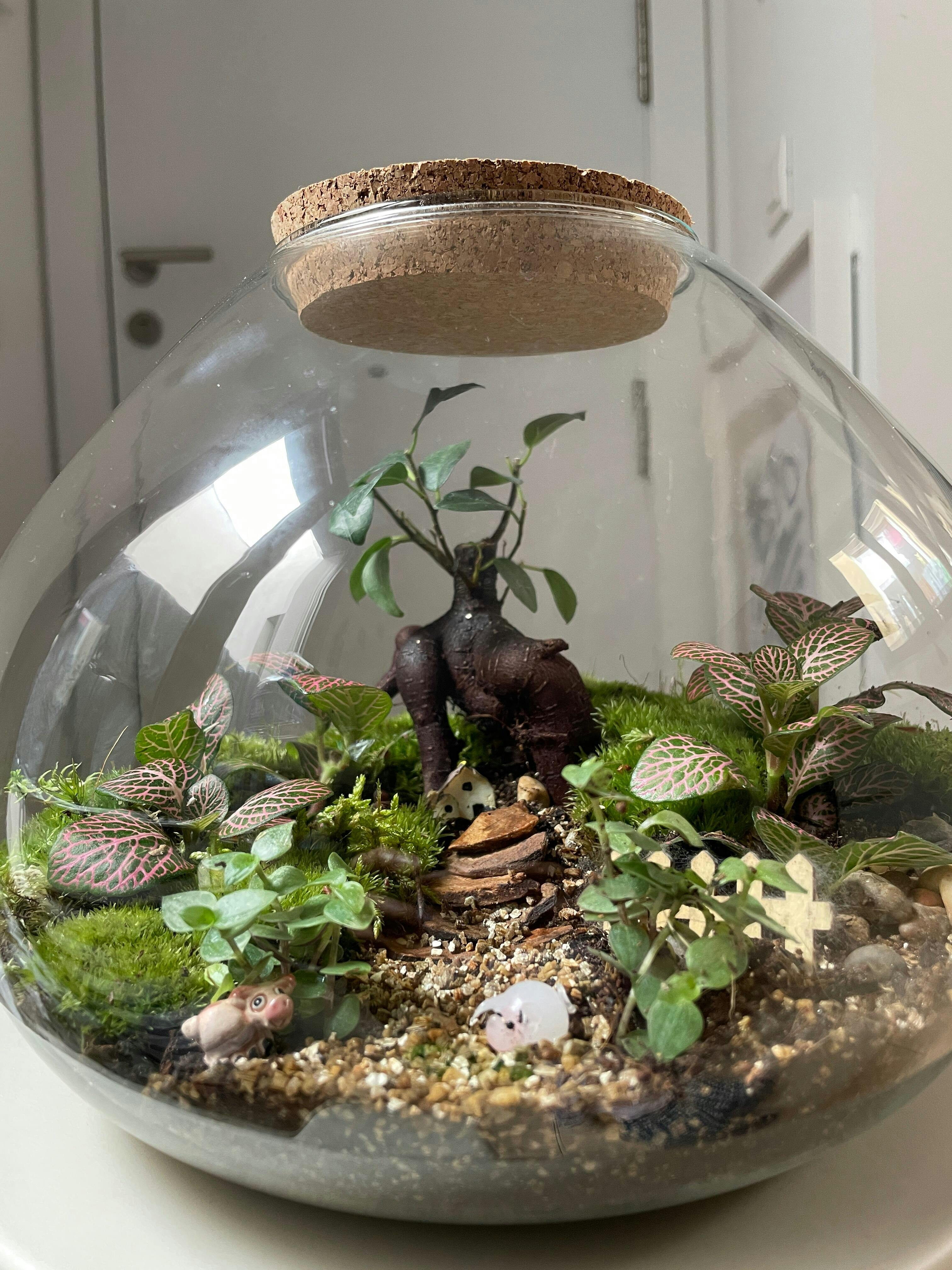 Desde que vi este terrario en fotos, me enamoré. Tuve la oportunidad de hacerlo en uno de los talleres donde puedes elegir las plantas y la decoración según tus preferencias así que quedé aún más encantada. Es perfecto para quienes amamos las plantas y queremos decorar nuestros espacios. Seguro haré otro mas adelante.
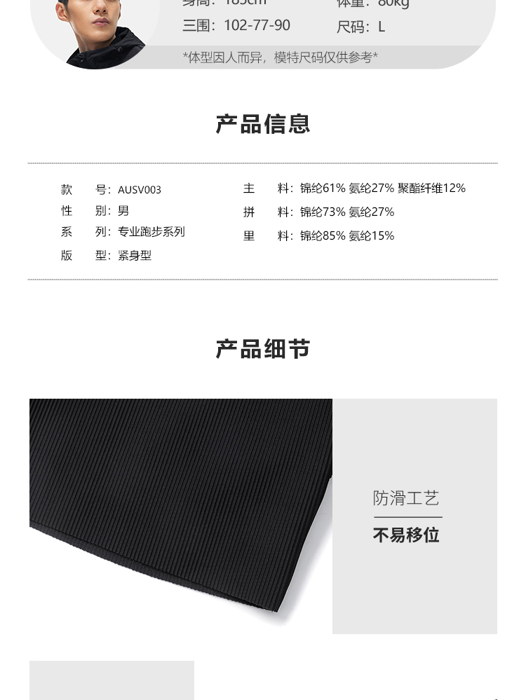 Fabric composition: Main fabric - 57% Nylon, 33% Spandex, 10% Polyester; Contrast fabric - 73% Nylon, 27% Spandex; Lining - 85% Nylon, 15% Spandex. Rigorously tested by third-party laboratories, it meets high standards for breathability, stretchability and durability.
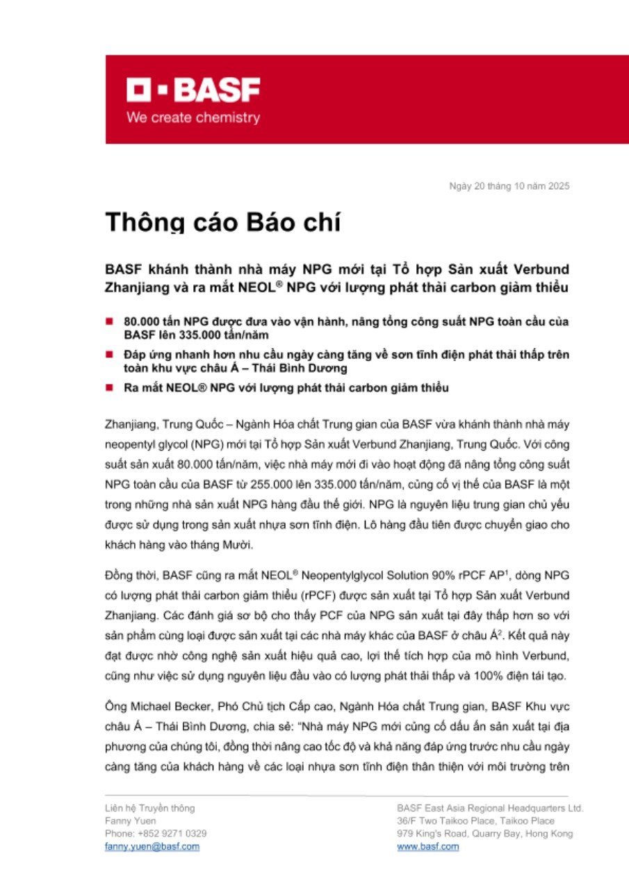 Đồng thời, BASF cũng ra mắt NEOL® Neopentylglycol Solution 90% rPCF AP1, dòng NPG có lượng phát thải carbon giảm thiểu (rPCF) được sản xuất tại Tổ hợp Sản xuất Verbund Zhanjiang. Các đánh giá sơ bộ cho thấy PCF của NPG sản xuất tại đây thấp hơn so với sản phẩm cùng loại được sản xuất tại các nhà máy khác của BASF ở châu Á2. Kết quả này đạt được nhờ công nghệ sản xuất hiệu quả cao, lợi thế tích hợp của mô hình Verbund, cũng như việc sử dụng nguyên liệu đầu vào có lượng phát thải thấp và 100% điện tái tạo.

_Task description:_ In your copy, the listing above should appear word for word, with no images.

_Solution:_
 Desde que vi este terrario en fotos, me enamoré. Tuve la oportunidad de hacerlo en uno de los talleres donde puedes elegir las plantas y la decoración según tus preferencias así que quedé aún más encantada. Es perfecto para quienes amamos las plantas y queremos decorar nuestros espacios. Seguro haré otro mas adelante.
 Fabric composition: Main fabric - 57% Nylon, 33% Spandex, 10% Polyester; Contrast fabric - 73% Nylon, 27% Spandex; Lining - 85% Nylon, 15% Spandex. Rigorously tested by third-party laboratories, it meets high standards for breathability, stretchability and durability.
 Đồng thời, BASF cũng ra mắt NEOL® Neopentylglycol Solution 90% rPCF AP1, dòng NPG có lượng phát thải carbon giảm thiểu (rPCF) được sản xuất tại Tổ hợp Sản xuất Verbund Zhanjiang. Các đánh giá sơ bộ cho thấy PCF của NPG sản xuất tại đây thấp hơn so với sản phẩm cùng loại được sản xuất tại các nhà máy khác của BASF ở châu Á2. Kết quả này đạt được nhờ công nghệ sản xuất hiệu quả cao, lợi thế tích hợp của mô hình Verbund, cũng như việc sử dụng nguyên liệu đầu vào có lượng phát thải thấp và 100% điện tái tạo.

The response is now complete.